J. Howard Kauffman, 84, Goshen College professor emeritus of sociology, died in his home in Goshen on the morning of Nov. 18.
Kauffman, who had a doctorate in sociology, served on the Goshen College faculty from 1948 until his retirement in 1985, during which he wrote a book and was chair of the Department of Sociology and Cultural Anthropology for many of those years.
Kauffman was born Oct. 4, 1919 in West Liberty, Ohio, to Earl V. and Mary Ann (Smucker) Kauffman.
Kauffman came to Goshen in 1939 to attend Goshen College. After graduating in 1947 and serving in Civilian Public Service from 1941 to 1945, he earned a master’s degree in rural sociology from Michigan State University and began teaching in Goshen College’s sociology department in 1948. After taking a leave of absence from 1954 to 1955 to study at the University of Chicago, he received a doctorate in sociology in 1960.
During his tenure, Kauffman introduced thousands of students to basic social science research methods and contributed his own research and scholarship to the understanding of family and community, particularly within the contexts of the Mennonite Church and the larger societal trend toward urbanization. In collaboration with colleagues Leland Harder and Leo Driedger, Kauffman researched and wrote two books about the beliefs and social patterns of Mennonites: “Anabaptists Four Centuries Later” (1975) and “The Mennonite Mosaic” (1991).
Kauffman was a member of College Mennonite Church. He was also active in many organizations, including the Indiana Council on Family Relations, the National Council on Family Relations, the National Council of Churches, the Mennonite Historical Society and The Mennonite Quarterly Review. He conducted family life seminars on behalf of the World Council of Churches in Barbados, Ghana and Botswana. Kauffman led groups of Goshen College students on Study-Service Terms in Belize in 1974-75 and China in 1981.

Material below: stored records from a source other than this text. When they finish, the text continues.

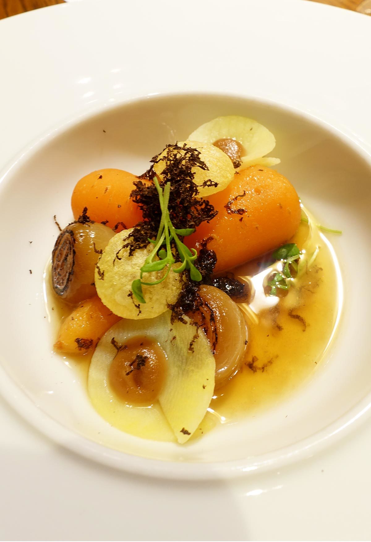 De zesde gang is hutspot! ‘Maar dan wat minder gehutst’, grapt de ober. Niet een heel spannend gerecht, maar wel erg lekker en door de truffel en krachtige bouillon goed op smaak.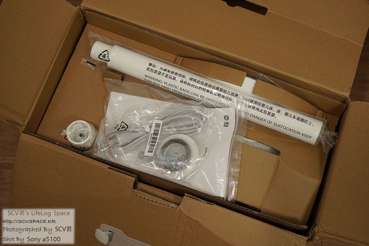 위쪽으로 박스를 열면 길이 조정이 가능한 긴 연결봉과 설명서, 전원케이블 등 악세서리가 보입니다.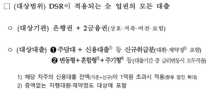 일단 스트레스DSR 적용 대출에는 모든 대출이 적용되지만 예외가 있습니다. 바로 전세대출은 포함되지 않았습니다. 전세대출은 스트레스DSR 대상대출 범위에 포함되지 않습니다.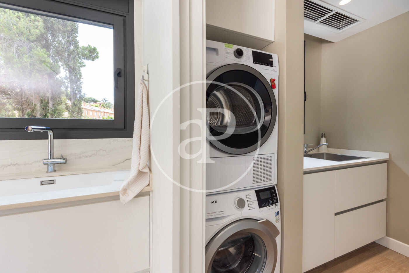Els banys, revestits amb porcellànics d’alta qualitat, estan equipats amb dutxes efecte pluja i terres antilliscants, creant espais que combinen estètica i seguretat. Les finestres amb vidre Sun Protect i tancaments Climalit ofereixen aïllament i control de la lluminositat, mentre que les persianes motoritzades reclinables aporten comoditat tecnològica. La seguretat està reforçada amb alarma perimetral, videoporter i porta d’accés motoritzada.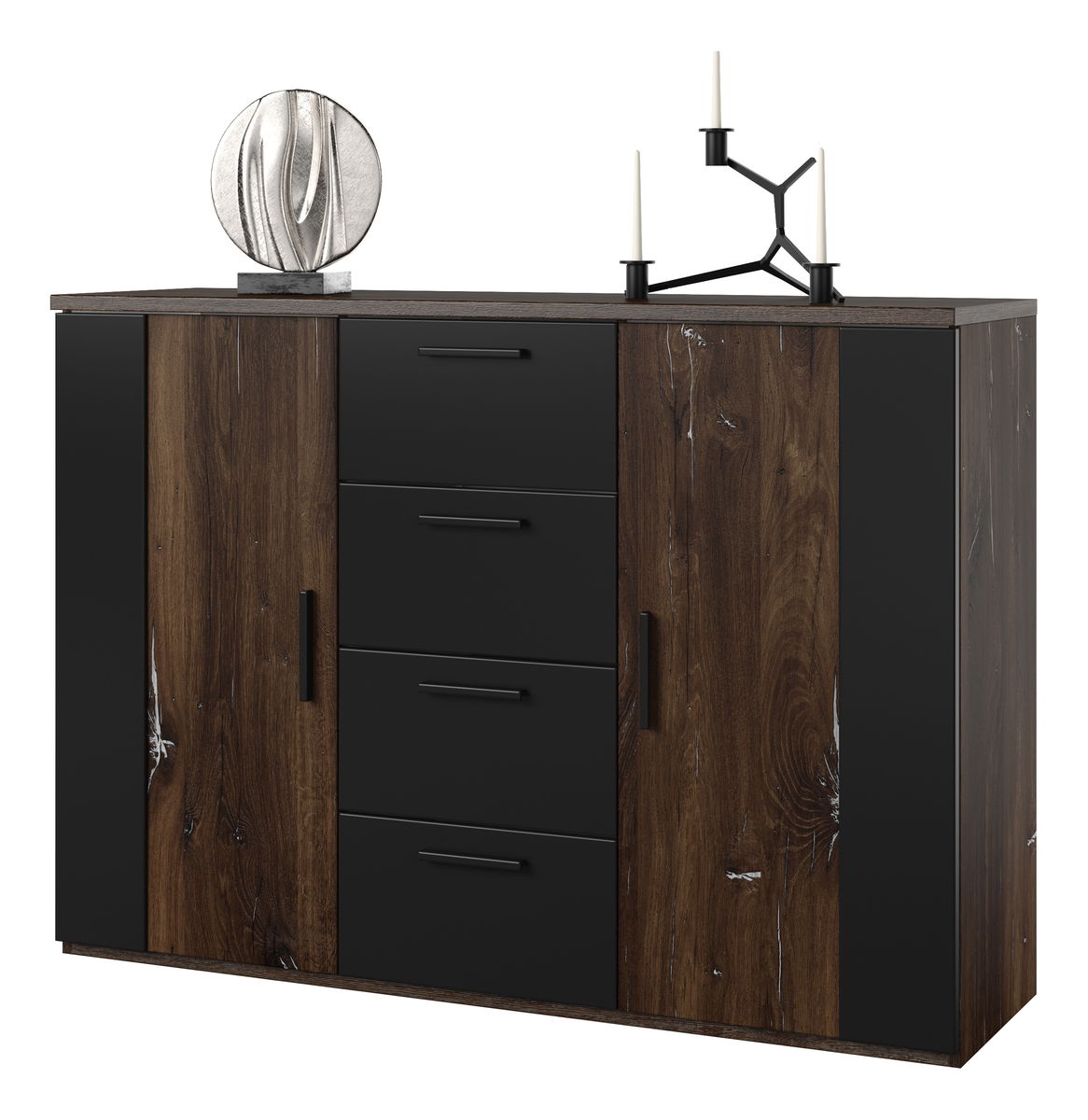 Komoda Signat Typ 26 (čierna + dub flagstaff + strieborná)

He married Verda P. Lambright, a fellow Goshen College student from Shipshewana, Ind., Nov. 26, 1944, and she survives him.
He is also survived by four daughters, Lois Kauffman of New York City, Ruth (Nelson) Shantz of Ann Arbor, Mich., Alice (Craig) Hofheimer of Brooklyn, N.Y., and Carol (Walter) Poling of Greensboro, N.C.; one brother, Ellsworth (Irene) Kauffman of Wichita, Kan.; and nine grandchildren. He was preceded in death by his parents and a sister, Wanda Wideman.
Visitation will be Nov. 20 from 2 to 4 p.m. and 6-8:30 p.m. in the Koinonia Room of College Mennonite Church. Family and friends will gather at 9 a.m. Nov. 21 for a processional to Violett Cemetery for the committal service. The memorial service will be at 11 a.m. in College Mennonite Church, where Revs. Klaudia Smucker and Firman Gingerich will officiate. Memorials may be made to the Mennonite Historical Society, Greencroft Foundation or Goshen Care at Home Hospice.